PostPosted: Wed May 06, 2015 11:23 pm 

Joined: Sat Aug 31, 2013 4:11 pm
Posts: 270
Finderskeepers wrote:
I'm sorry, but am I the only one here that thinks that these processes have no place in the restoration of steam locomotives?

No-ish. If you want to “six-sigma”* something, wouldn’t it make since to bundle up a mass of information about best practices, why they are best practices, and support them with evidence. I guess I’m beating around the bush a bit, but me thinks the modern enterprise is a place that only trusts what is verifiable. So much of this community’s body of knowledge is entrusted to experts consistent with the “feel” of the machine era that is quite foreign to modern enterprises which are successful because they divorced themselves from the feel of the machine and hitched themselves to scientifically verifiable information.
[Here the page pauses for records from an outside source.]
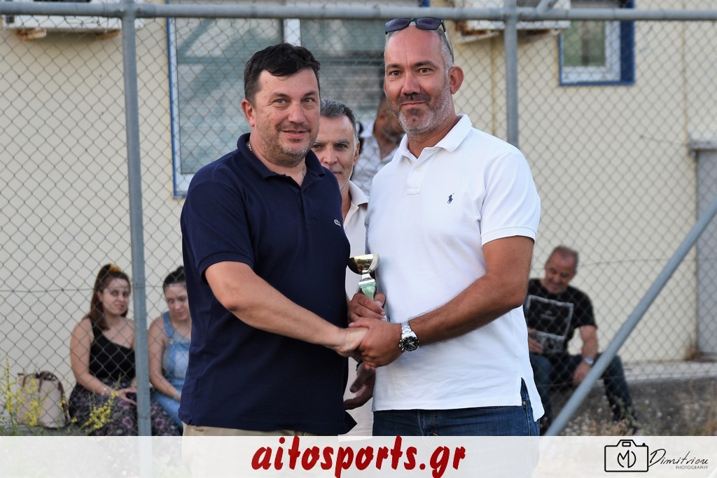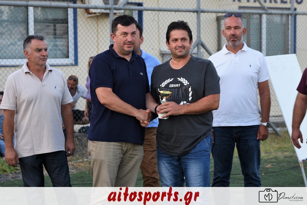 Το κύπελλο παρέδωσε το μέλος της διοίκησης της ΕΠΣΑ, Γιάννης Αναστασίου, προς τον εκπρόσωπο του ΠΑΟΚ, Γιώργο Καραθάνο, ενώ στην εκδήλωση παρευρέθηκε και ο Πρόεδρος Κοινότητας Καλυβίων, Δημήτρης Αναστασίου.
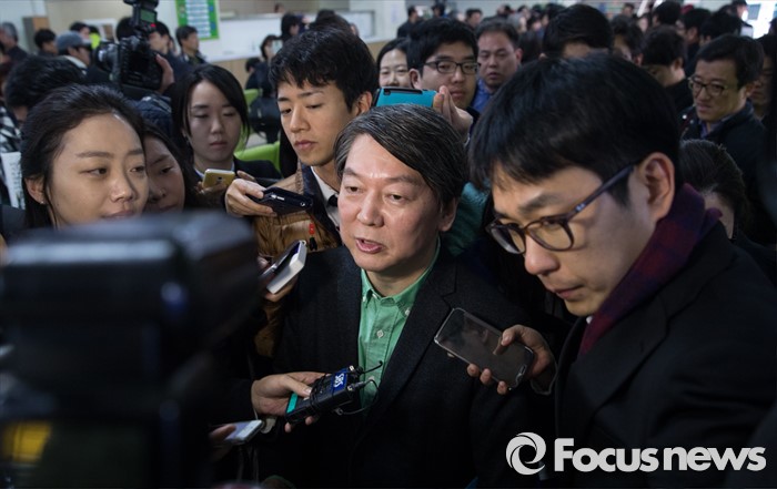 (서울=포커스뉴스) 안철수 국민의당 상임공동대표가 8일 오전 서울 노원구 도봉운전면허시험장 내 카페에서 노원병 출마선언 기자회견을 마친 후 기자들의 질문을 받고 있다.
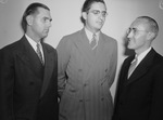 Standing left to right are H. E. Van Ryan, Gordon D. Reath and R. R. Lee, all accountants at Snowden and McSweeney Oil Company. They are standing in front of a bare wall and are all wearing suits. Mr. Reath and Mr. Lee are wearing eyeglasses.
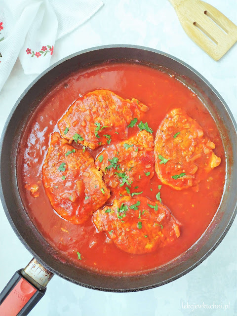 Schab w sosie pomidorowym Dziś polecam prosty, duszony schab w sosie pomidorowym.…
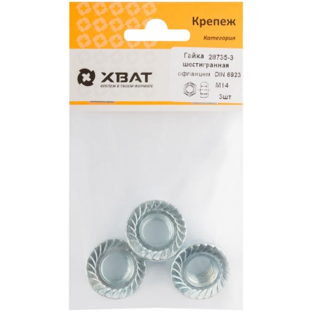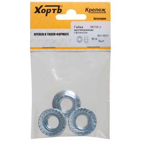 Гайка шестигранная с фланцем (DIN 6923) М14 (фасовка 3 шт) (28735-3)
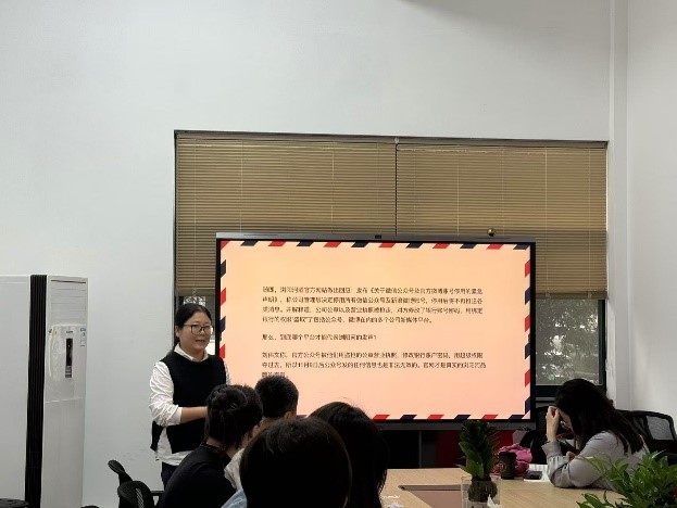 陈良银老师进行论文点评。陈老师从研究意义、指标构建、实证设计等方面进行了精彩点评,多位金融学院和会计学院教师分别从指标设计、机制检验、实证设计等方面与汪玉兰老师展开交流,提出论文的修改建议。

So yes greater structure about how and why things are done in a format contextually familiar to the vested enterprise is beneficial and/or required. No to the exact steps of restorative work on technology that predates the zero defect era. I’m waiting to see a 6-sigma black belt grapple with how you know that new tire is “perfectly” installed on the driver center. Yep a recipe for paralysis by over analysis…
*I’m using ”six-sigma” as a general term meaning to break things down to measurable components that can be researched, tested, and documented as opposed to the formal methodology developed by Motorola.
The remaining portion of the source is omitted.